IL: I know there are some politicians who are considering the climate crisis and are considering young people, but just to bring it to the forefront of their vision and their scope. Just to know that this is a deeply important issue. We’ve got young people on stage. The average age of our cast is so young, and much younger than a typical theatre show in Sydney. I just hope they’d leave considering this group and consider the people who will inherit this climate crisis.
SB: I am so excited to see it! Is there anything else you would like to add about your play before it hits the stage?

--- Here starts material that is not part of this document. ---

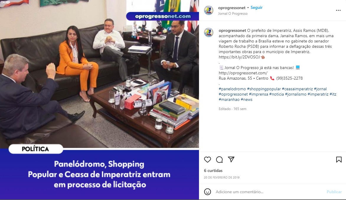 A Ceasa de Imperatriz teve o início das obras em novembro de 2019, após cerimônia de lançamento cujo registro em vídeo com o logotipo do senador continua disponível na internet.

IL: It’s going to be such a fun evening, 75 minutes of absolute chaotic comedy. It’s for people who are interested in climate change, or [Australian] politics, or cake stalls and frog-in-a-ponds and a bit of fun. There really is something for everyone. I don’t want to alienate or isolate audiences who may be scared to talk about climate change or aren’t very interested in that yet, because everyone is on their own journey.This is a play that welcomes everyone to join the climate journey — or just sit and watch a great comedy with climate themes in there.
SB: Just dropped in there!
IL: Just a little sprinkle!
SB: So, what’s next for you? Do you know where you are heading?
IL: Yeah, I’m really excited. I’m performing! I am acting in Manon with the Australian Ballet. I am an actor, a writer, and a director now. Then, hopefully, getting another Green Scenes up later this year, which is our showcase of environmental scenes, songs and poetry.
SB: You strike me as a very exciting theatre maker, definitely one to be watched — strong in your thoughts and ideas which is something we definitely need to see at this time!
IL: Awesome, I can’t wait to welcome you to the show next week! Thank you so much!
‘These Youth Be Protesting’ will be showing at KXT on Broadway from the 4th to the 19th of April.